It is said that more than 300,000 species of terrestrial plants inhabit the earth, and that terrestrial plants account for about 80% of the biomass (weight of living organisms) on the earth. In addition to flowering angiosperms, terrestrial plants include gymnosperms such as cedar and pine, ferns and pinnipeds, which reproduce by spores rather than seeds, and mosses, which do not have vascular bundles. Recent molecular phylogenetic analysis has shown that all living land plants are derived from a single common ancestor that diverged from green algae about 500 million years ago. So what kind of organism was the common ancestor of land plants? Unfortunately, there is no direct way to answer this question, as no fossils have yet been discovered that would allow us to determine what plants looked like at that time.

In angiosperms, auxin regulates development and growth throughout the life cycle, including organogenesis of roots, leaves, and flowers, vascular patterning, and bending response to light and gravity, and is widely used in agriculture as a herbicide and root promoter. Most of the plants used in agriculture and other industrial applications are angiosperms, and most of the auxin research in the past has been conducted on angiosperms. The results of these studies revealed that the auxin response is mainly mediated by the ARF protein, but the large number of genes involved in the auxin response in angiosperms (e.g., rice has 25 different ARF genes) has hindered research. The evolutionary question of when and how the auxin response mechanism was acquired is also an unresolved issue. The evolutionary question of how and when the auxin response mechanism was acquired remained unresolved. In 2008, we began our research using the Zeni moss (Fig. 1), which was being developed as a new experimental model at the time. In addition to its advantages such as fast growth, easy cultivation, and high efficiency of genetic recombination, preliminary analysis suggested that it had low genetic redundancy, and we thought it would be useful as a new model for auxin research.

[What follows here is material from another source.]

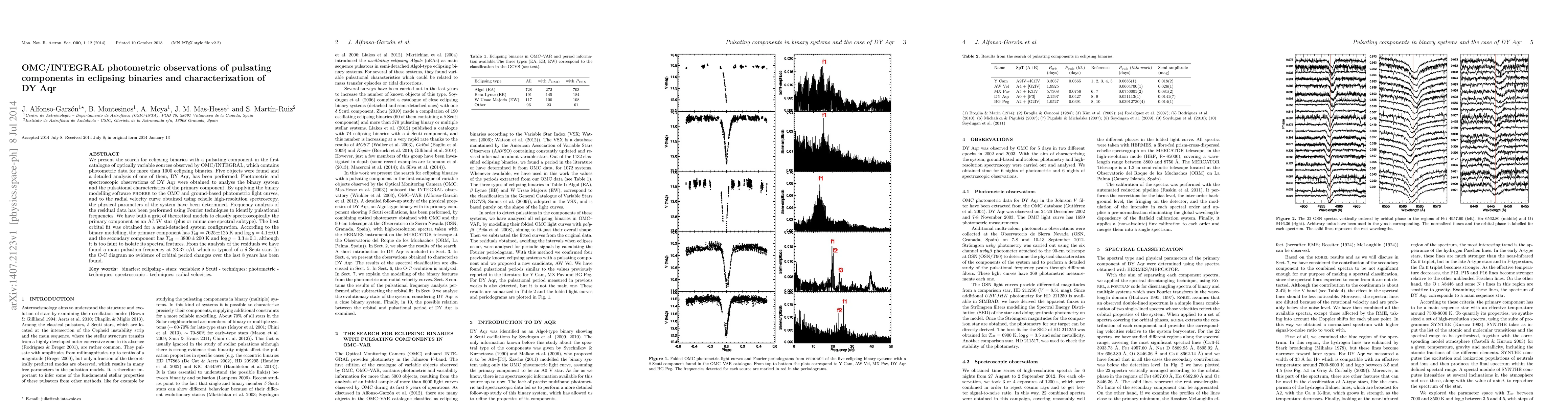 This paper reports the discovery of five eclipsing binaries with pulsating components in the OMC/INTEGRAL catalogue, with a detailed study of DY Aqr. Using phoebe software and Fourier techniques, the authors determined the physical parameters and pulsational characteristics of DY Aqr, classifying the primary component as an A7.5V star and identifying a main pulsation frequency typical of delta Scuti stars.

Currently, I am working on several research themes in parallel based on my previous auxin research using Zeni mosses, one of which is the analysis of auxin-responsive genes common to land plants discovered through comparative analysis of mosses and ferns. The auxin response mechanism itself is nothing more than a switch that activates a specific group of genes, and I would like to understand the mechanism that changes the shape and physical and chemical properties of cells beyond the switch. Another theme is to understand the mechanism of formation of goblet bodies and asexual buds (Fig. 4), which are organs for asexual reproduction. These organs are unique to A. zeama and related species, but recent studies have shown that hormones common to land plants, including auxin, are involved in their regulation, and we expect that this will lead to the elucidation of the developmental control mechanisms common to land plants. We also believe that model organisms, including Zeni mosses, are specialized organisms that have evolved in the same way as other species, and that experiments using more plant species are needed to understand common principles. In the future, we would like to conduct experiments using small-leaved plants and ferns, which are divided between mosses and angiosperms.